Мы все вне себя от милостей великого князя. Довольно тебе сказать, что его высочество пожаловал к нам в 9 часов, а уехать изволил в половине второго часа, чего (пивши воды) ни разу еще не делал с приезда своего в Москву. Но надобно тебе хоть вкратце, но рассказать все по порядку.
Наш день понедельник; съехались обедать музыкант Рейнгард (этот уехал в театр), Бартенева с двумя дочерьми. Эти нас не женировали, простого, доброго обхождения, знакомы его высочеству; старшая славно поет, потому мы их заполонили на целый день. Рейнгард дает уроки маленьким великим княжнам, поэтому очень нас встревожило узнать от него, что великий князь жаловался ночью и что его высочеству приставлено 35 пиявок. Конечно, посещение только бы отложилось на другое время; но Ольги не было бы, она собирается домой в Шеметево, а Ольга – большая подмога. Нечего делать! Отправляя Волкова с почтой во дворец, я велел ему умненько узнать о здоровье великого князя, ду мая после обеда сам ехать наведаться или записаться. Волков донес, что великому князю ставили пиявки вчера вечером, но что камердинер сказывал, что его высочество изволит сегодня выехать. Это нас успокоило. Все было готово к принятию, дом весь освещен (я вижу его сам в первый раз так, и подлинно славно, лампы Моперна прекрасны!), ковры на лестнице. Я не мог помешать чиновникам составить две шеренги от дверей до низу лестницы; собрались Фавст, Трескин, Имберг.
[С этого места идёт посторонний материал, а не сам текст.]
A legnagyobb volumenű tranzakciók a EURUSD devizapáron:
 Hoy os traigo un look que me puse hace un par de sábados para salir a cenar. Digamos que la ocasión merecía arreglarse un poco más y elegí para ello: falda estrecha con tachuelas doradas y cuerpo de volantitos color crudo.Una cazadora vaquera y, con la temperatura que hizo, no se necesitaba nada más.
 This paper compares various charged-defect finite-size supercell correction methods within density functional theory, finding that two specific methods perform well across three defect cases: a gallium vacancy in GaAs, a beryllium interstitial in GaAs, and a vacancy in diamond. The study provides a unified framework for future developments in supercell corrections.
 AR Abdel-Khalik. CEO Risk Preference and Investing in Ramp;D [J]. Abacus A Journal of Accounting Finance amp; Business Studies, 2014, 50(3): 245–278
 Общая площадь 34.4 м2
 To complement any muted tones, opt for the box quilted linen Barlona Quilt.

В девять часов прибыл дорогой гость, на улице и дворе множество было народу. Я встретил его высочество у выхода его из коляски. На середине лестницы под лампою стоял Пашка в казачьем мундире и отдал ему честь. Великий князь нагнулся, поцеловал его и сказал: «Очень хорошо! Только замечаю тебе мимоходом, что ночью честь никому не отдают». В зале встретили его высочество Наташа, Долгоруковы и Катя. Он Наташу поблагодарил за сукно, извинился, что поздно это делает, обласкал зятя и жену его; пошли в каминную. Я представил его высочеству Фавста. Потом представил я Трескина и Имберга. Видя его в веселом расположении духа, я подвел Башилова (который с его высочеством приехал) и сказал: «А это известный строитель Москвы и сенатор Башилов». – «Доводилось слышать об этом негоднике, – отвечал великий князь, – но близко его не видал».
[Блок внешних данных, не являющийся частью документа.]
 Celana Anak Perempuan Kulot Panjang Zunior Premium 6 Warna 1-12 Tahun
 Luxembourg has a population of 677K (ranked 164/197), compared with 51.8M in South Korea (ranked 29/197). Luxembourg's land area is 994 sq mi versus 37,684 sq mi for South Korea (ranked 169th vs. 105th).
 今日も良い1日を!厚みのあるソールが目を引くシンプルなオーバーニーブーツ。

Подали чай. После пошли в залу, Катя пела, после обе сестры вместе, после вся фамилия вместе. Уселись в зале, где не так было жарко; хотелось мне, чтобы великий князь курил (шляпу свою отдал Пашке на сбережение), я просил Ольгу это устроить, и она очень ловко и умно это сделала. Уселись все около фортепьяно, она ушла и возвратилась с руками назади. «Ваше высочество, хочу просить вас о милости». – «Да, сударыня, соблаговолите сказать, и будет исполнено». – «В это время я привыкла курить пахитоску; вы мне позволите?» – «Разумеется, прошу вас, не стесняйтесь, сударыня». Ольга закурила пахитос (во время брюха своего она сделала эту привычку и теперь всегда по две и три выкуривает пахитоски). Великий князь очень смеялся и сказал: «Да ведь и правда!» – «А вы думали – шутка? Только я одна курить не могу, так прошу ваше высочество сделать компанию,
Великий князь, приняв милостиво, сказал: «Коль скоро вы мне дозволяете и подаете в том пример, покурю, но также с условием, что дадут сигару и Башилову, и все будут курить». – «Раз уж так, – сказала Наташа, – и надобно курить, переедем в Турцию». Пошли в «турецкую» комнату, все расположились на диванах около его высочества, и пошла беседа и курение. Великий князь переменил три раза сигары, был очень весел, любезен так, что позволения просил расстегнуть воротник мундира, много рассказывал любопытного, серьезного, например, о Польской войне, о 14 декабря и проч., много и шутил, говорил каламбуров, очень занялся Ольгою, которая ужасно его забавляла и смешила. Подавали мороженое, фрукты, но его высочество, ради вод, ни до чего не дотрагивался. Потом пошли в залу опять петь разные хоры, Башилов плясал тирольскую. Его высочество хвалил песенку, петую Ольгой и Катей, коей слова и музыка – сочинение Кости нашего. Право, не видали, как прошло время; было без четверти два часа, как его высочество изволил уехать. Пашка был на том же месте на часах, и его опять поднял и поцеловал великий князь. Внизу, хотя и так было поздно, множество было не только чиновников, но даже дам, и они имели счастие не только видеть его высочество, но слышать его голос, ибо, заметив тут караульного нашего с медалями, великий князь подошел к нему и делал Мореву много вопросов.